A common protein-ML pattern: combine sequence one-hot, structural features, and language-model embeddings into a single per-residue feature tensor that feeds your downstream model.

seq_feat   = compose_features(
    one_hot(seq),
    blosum_embed(seq),
    positional_encoding(len(seq), dim=64),
)                                              # (L, 105)
struct_feat = per_residue_features(protein)    # (L, 29)
lm_emb      = embedder.embed(seq)              # (L, 1280)
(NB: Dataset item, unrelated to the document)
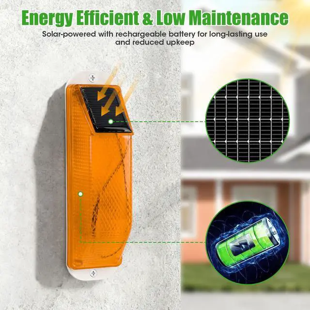 Energy Efficient & Low Maintenance: Solar-powered design with a built-in rechargeable battery eliminates wiring and reduces maintenance costsset it up and let it run automatically. Charge in direct sunlight for 68 hours before first use.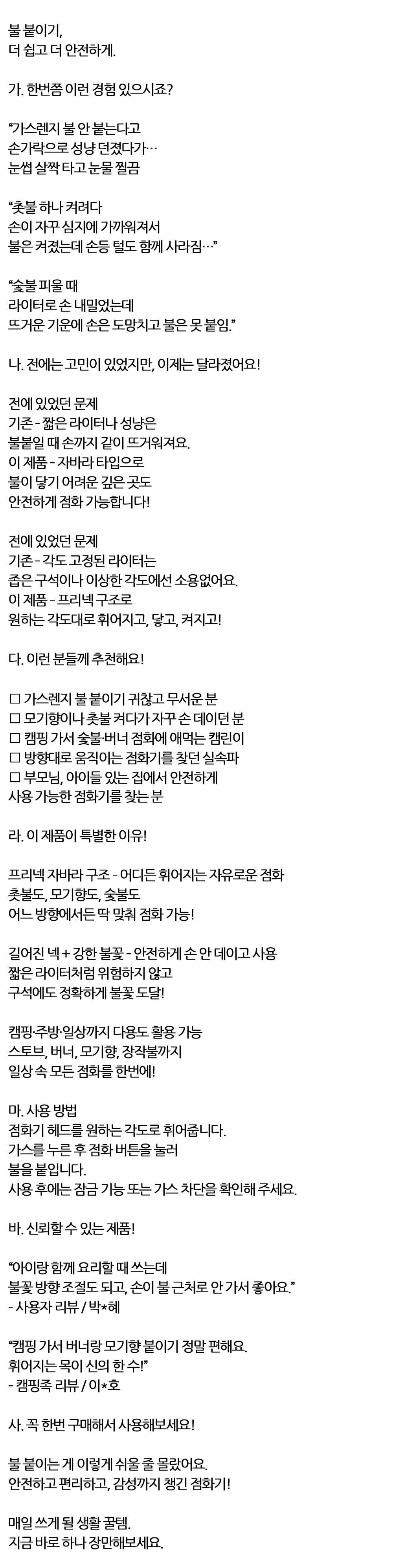 원하는 각도대로 휘어지는 자유로운 점화 가스점화기

# Concatenate everything per-residue
combined = np.concatenate([seq_feat, struct_feat, lm_emb], axis=-1)
# combined.shape  # (L, 1414)

Or for a GNN setup, build the graph once and feed it to your model:

g = to_graph(protein, cutoff=10.0)
# g.node_features is your `x`
# g.edge_index is `edge_index`
# g.edge_features is `edge_attr`

The point of molforge.ml is to free you from re-implementing these featurizers for every project. The data model and engines are all the same; the only thing that changes is what you do with the features.